- Requirement: Between the line containing "成分や素材、質を調べることに" and the line containing "Looking for a" lies a run of lines; give that run again exactly, with both of those lines, and nothing else from the entries below.
[Source information — start]
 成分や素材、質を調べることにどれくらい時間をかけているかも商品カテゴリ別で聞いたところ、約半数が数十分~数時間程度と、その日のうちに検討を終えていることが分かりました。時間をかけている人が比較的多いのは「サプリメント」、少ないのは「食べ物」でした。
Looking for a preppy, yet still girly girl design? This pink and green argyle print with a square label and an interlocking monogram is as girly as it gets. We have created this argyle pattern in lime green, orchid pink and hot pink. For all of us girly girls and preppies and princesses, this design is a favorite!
[Source information — finish]
[Source information — start]
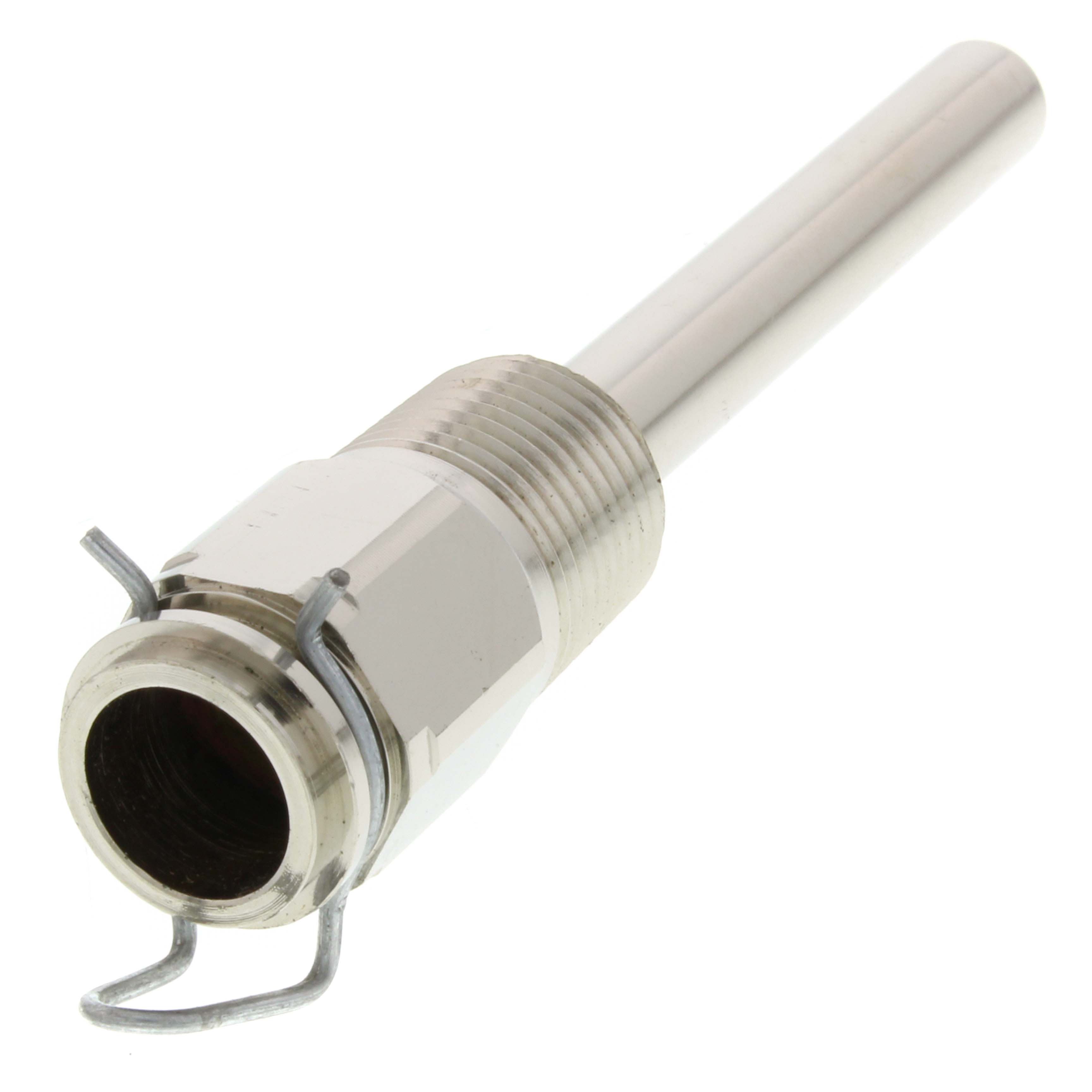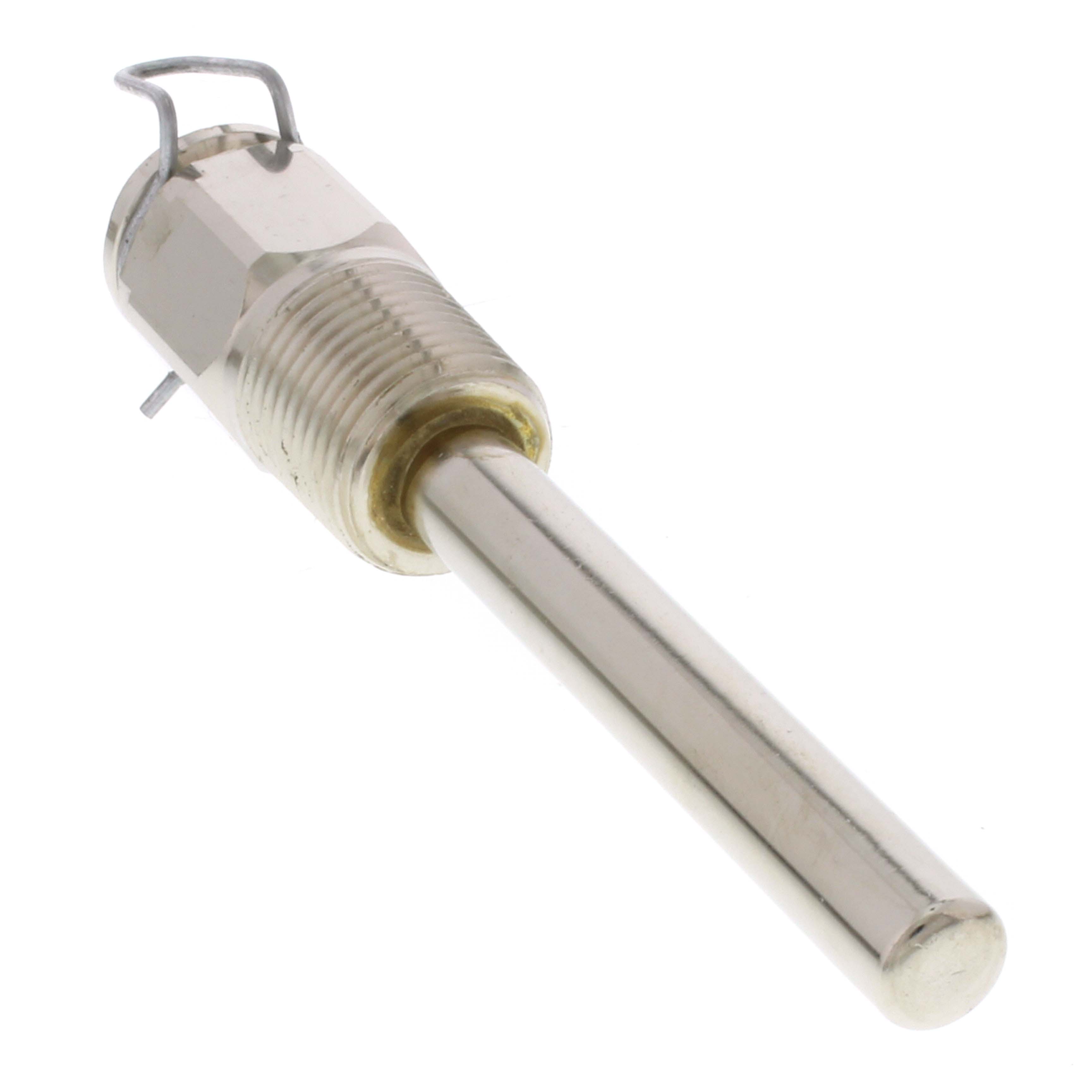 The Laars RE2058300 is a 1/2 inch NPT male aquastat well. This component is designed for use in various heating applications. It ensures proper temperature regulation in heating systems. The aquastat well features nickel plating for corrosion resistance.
[Source information — finish]
- Your solution:
 成分や素材、質を調べることにどれくらい時間をかけているかも商品カテゴリ別で聞いたところ、約半数が数十分~数時間程度と、その日のうちに検討を終えていることが分かりました。時間をかけている人が比較的多いのは「サプリメント」、少ないのは「食べ物」でした。
Looking for a preppy, yet still girly girl design? This pink and green argyle print with a square label and an interlocking monogram is as girly as it gets. We have created this argyle pattern in lime green, orchid pink and hot pink. For all of us girly girls and preppies and princesses, this design is a favorite!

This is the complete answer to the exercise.